Existem duas proteínas que formam agregados insolúveis no cérebro: a beta-amilóide e a tau. É como se o órgão ficasse cheio de pedrinhas que, quando se acumulam, fazem as sinapses pararem de funcionar direito. Aí, o cérebro começa a atrofiar e a ter neurodegeneração. Isso se reflete em perda cognitiva e de funções. A pessoa deixa de conseguir viver sozinha, precisa de alguém que cuide dela. Esse é o padrão contínuo da doença de Alzheimer. O astrócito, além de estar nas sinapses, tem outro papel: quando ele começa a enxergar essas pedrinhas atrapalhando as sinapses, ele se torna reativo, aumenta de tamanho e começa a proteger o cérebro. Esse é o tema do artigo de consenso da Nature Neuroscience. Conforme a doença vai progredindo e o astrócito vê que não consegue tirar aquelas pedrinhas dali, ele acaba ficando exausto, e diminui de tamanho.É esse o momento da fase de demência do Alzheimer, em que a pessoa está nos estágios finais da doença. Então, o astrócito acompanha a doença.
E, atualmente, é muito legal que a gente tenha um exame de sangue, que está sendo desenvolvido no mundo todo e começando a ser validado, que consegue identificar se o astrócito está reativo ou não. Quando o astrócito fica reativo, ele produz uma proteína chamada GFAP, que começa a vazar para o vaso sanguíneo. Assim, é possível tirar uma amostra de sangue e ver o nível de GFAP no sangue. Se está aumentado, identificamos que naquele cérebro os astrócitos estão reativos. Ele se torna, então, um biomarcador da doença.

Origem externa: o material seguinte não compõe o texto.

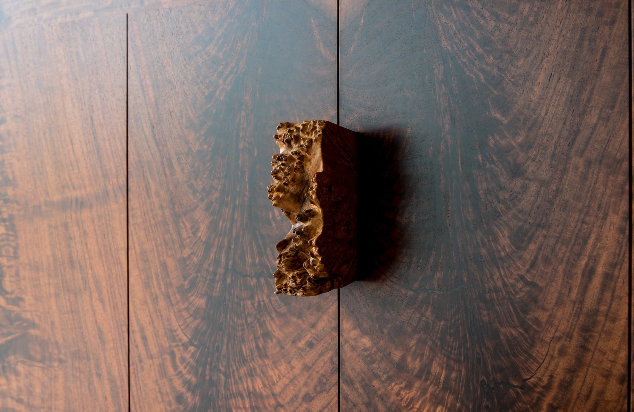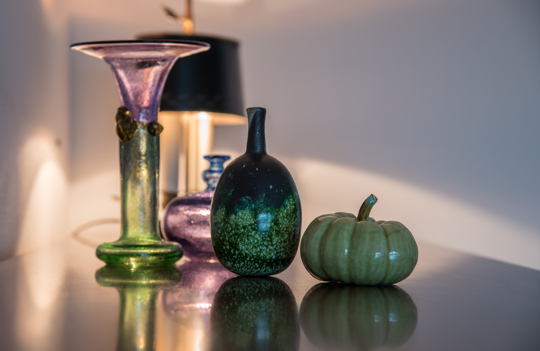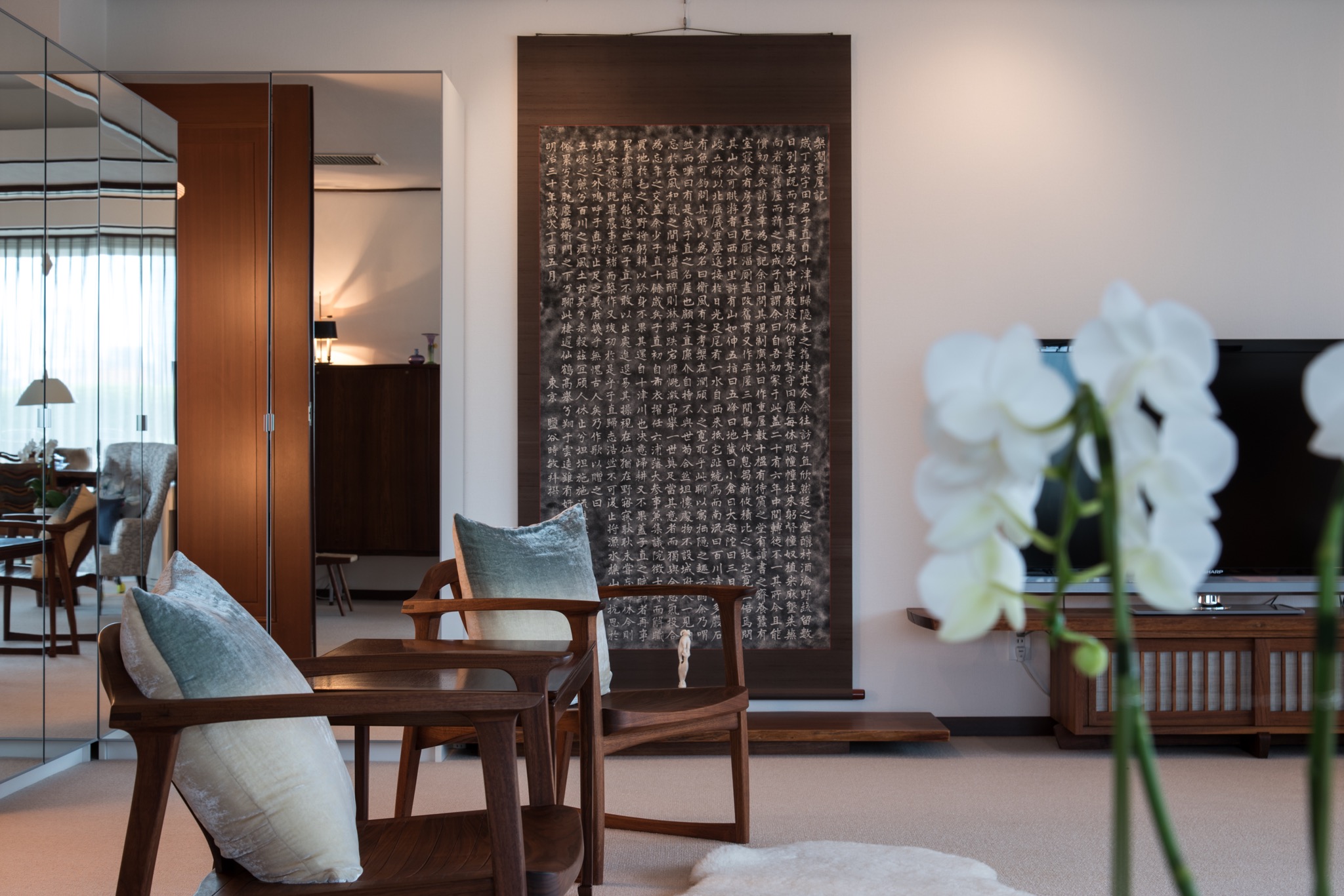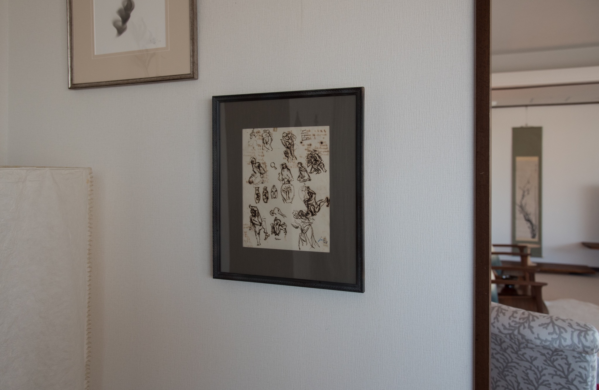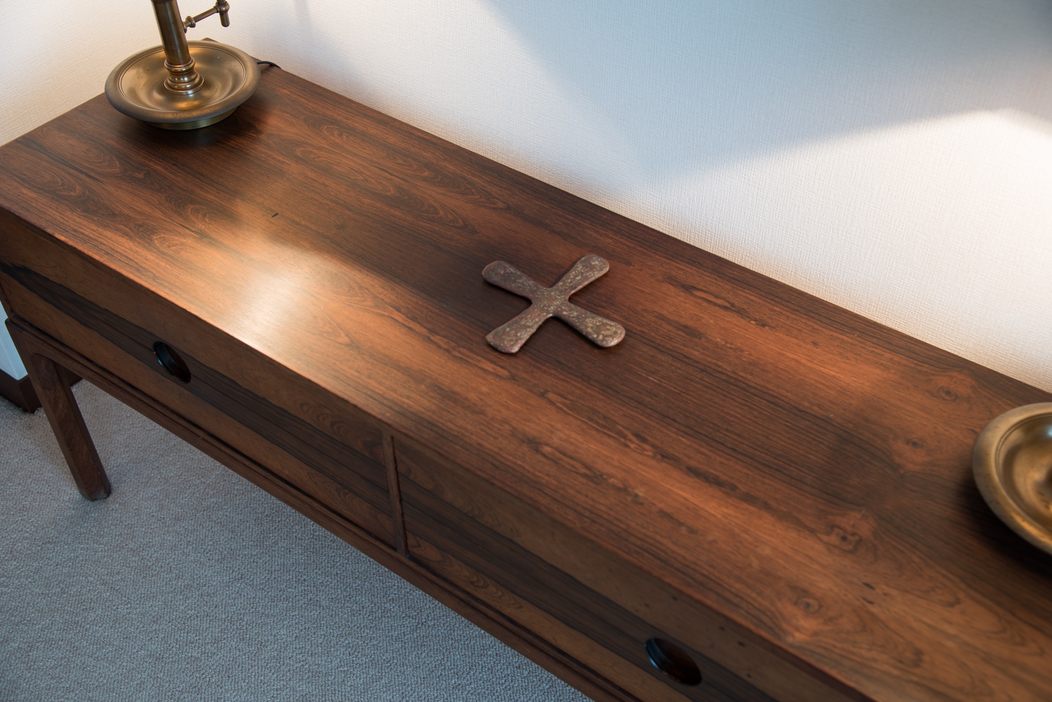 東京都港区南青山のヴィンテージマンション。オーナーは60歳代の女性。ゆったりとした空間に様々な調度品やコレクションが配置されています。かつて学生を含め一般人を対象に、日本の博物館法に定められた学芸員資格を取るための講座が早稲田大学で開催されたことがあったそうで、人生のチャレンジとして受講されたとのこと。その授業では、美術史や博物館史、経営論、教育論はもとより、美術品の梱包、展示、保存、修復に至るまで教えられ、実習を交えて学ばれたそうです。そのような経験をお持ちのオーナーが集められたコレクションは、季節や節句ごとに飾り替えられ、物の持つ特徴や、時の流れを楽しまれています。リビングに置かれたジョージ・ナカシマによるキャビネットの扉板は見事な木目文様の現れたアメリカンブラックウォールナット材が用いられており、これは存命だった頃のナカシマ自身が米国ニューホープの工房で所有していた「材」だそうで、ご縁があり手元にやってきたそうです。ナカシマの天板には裸婦の作家として知られる明治生まれの洋画家、原精一による油彩作品が飾られ、16世紀頃に焼かれたというデルフト窯の器が鎮座していました。イタリアポストモダンを代表するマリオ・ボッタのテーブルランプや、建築家、吉村順三のフロアランプ、イギリスWade社のソファなど、古今東西広い世界から選りすぐりの「品々」が集められています。ダイニングルームに置かれたアクセル・キアスゴー工房のチェストの上の十字架は、マリ共和国で使われていた嫁入りのためのお金で、何枚も束にして紐で括り、嫁ぐ娘の持参金としたものとのことで、パリを歩いている際に通りかかった骨董屋で見つけられたそうです。当店からは、フィン・ユールのファイヤープレイスチェアや、オーレ・ヴァンシャーのテーブルや椅子、ヤコブ・E・バンの蓋つきガラスボウル、ハンス・ウェグナーのキャビネット、ヤイス・ニールセンの素描、ロロ・ピアーナのクッションなどをお納めさせていただきました。

“Um neurônio manda informação, outro recebe. Mas há um terceiro componente, o astrócito, que tem a função de encerrar essa comunicação para não gastar energia”.
— Sobre a atuação dos astrócitos, tipo de céula do cérebro diretamente ligada ao processo de envelhecimento
O que são esses biomarcadores? Qual o papel deles na identificação precoce de demência?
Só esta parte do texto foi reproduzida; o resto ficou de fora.